**Task item**
As you work through the listing below, copy each line exactly and drop the images.

**Data**

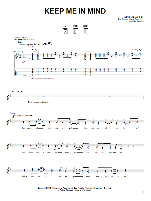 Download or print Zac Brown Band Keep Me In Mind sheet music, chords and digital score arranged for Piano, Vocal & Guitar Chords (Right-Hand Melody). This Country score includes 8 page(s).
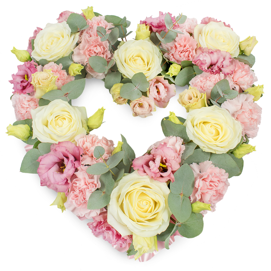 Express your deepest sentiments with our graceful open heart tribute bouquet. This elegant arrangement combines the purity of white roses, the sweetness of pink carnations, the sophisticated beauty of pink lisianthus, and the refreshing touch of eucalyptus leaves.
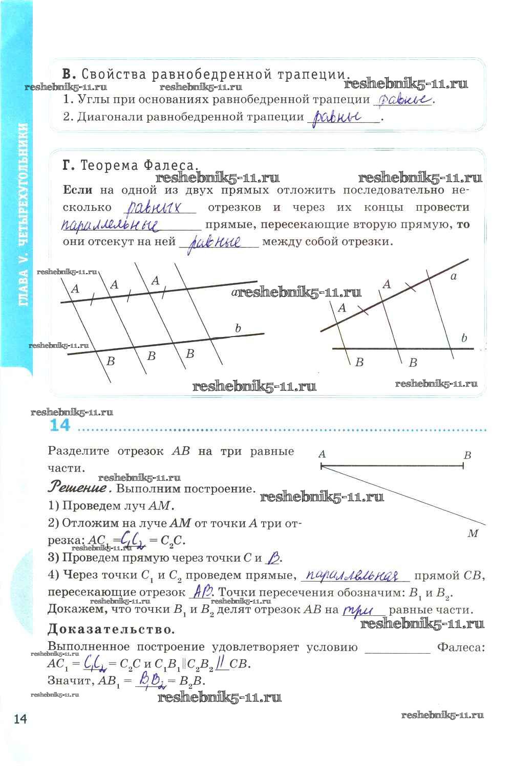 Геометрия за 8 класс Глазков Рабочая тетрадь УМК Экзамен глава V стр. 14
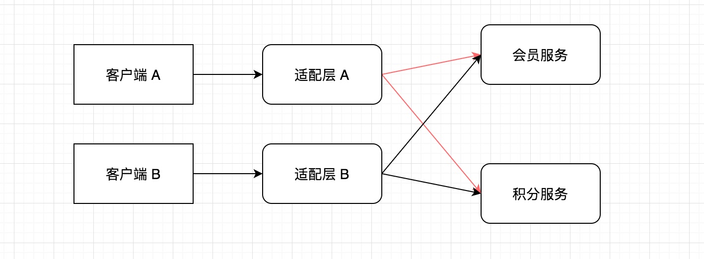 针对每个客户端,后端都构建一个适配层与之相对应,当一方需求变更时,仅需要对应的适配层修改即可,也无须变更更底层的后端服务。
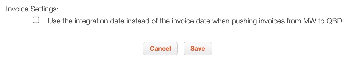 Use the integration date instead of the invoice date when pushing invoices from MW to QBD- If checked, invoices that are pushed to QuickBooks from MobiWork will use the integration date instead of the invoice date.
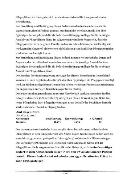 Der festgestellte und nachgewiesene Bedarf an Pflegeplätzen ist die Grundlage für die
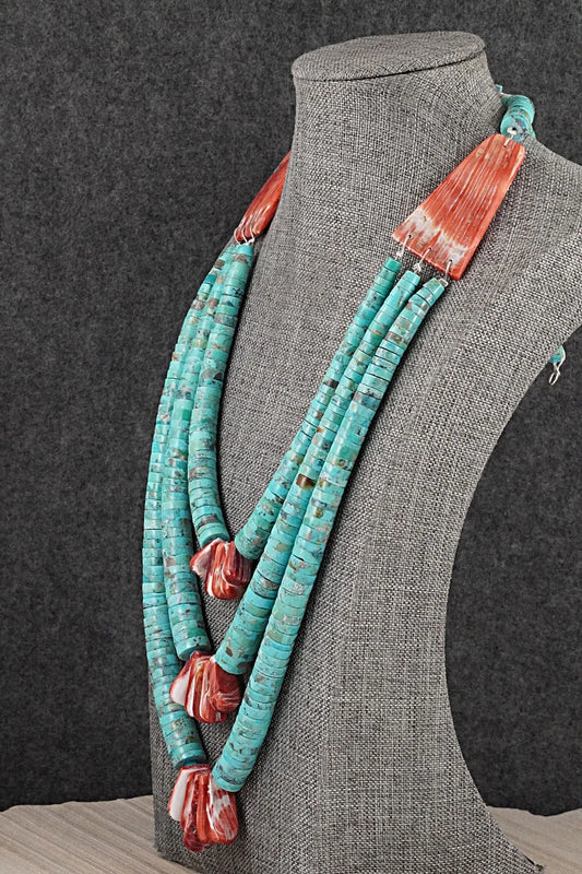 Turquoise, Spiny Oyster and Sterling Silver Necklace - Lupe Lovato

**Solution below**
 Download or print Zac Brown Band Keep Me In Mind sheet music, chords and digital score arranged for Piano, Vocal & Guitar Chords (Right-Hand Melody). This Country score includes 8 page(s).
 Express your deepest sentiments with our graceful open heart tribute bouquet. This elegant arrangement combines the purity of white roses, the sweetness of pink carnations, the sophisticated beauty of pink lisianthus, and the refreshing touch of eucalyptus leaves.
 Геометрия за 8 класс Глазков Рабочая тетрадь УМК Экзамен глава V стр. 14
 针对每个客户端,后端都构建一个适配层与之相对应,当一方需求变更时,仅需要对应的适配层修改即可,也无须变更更底层的后端服务。
 Use the integration date instead of the invoice date when pushing invoices from MW to QBD- If checked, invoices that are pushed to QuickBooks from MobiWork will use the integration date instead of the invoice date.
 Der festgestellte und nachgewiesene Bedarf an Pflegeplätzen ist die Grundlage für die
 Turquoise, Spiny Oyster and Sterling Silver Necklace - Lupe Lovato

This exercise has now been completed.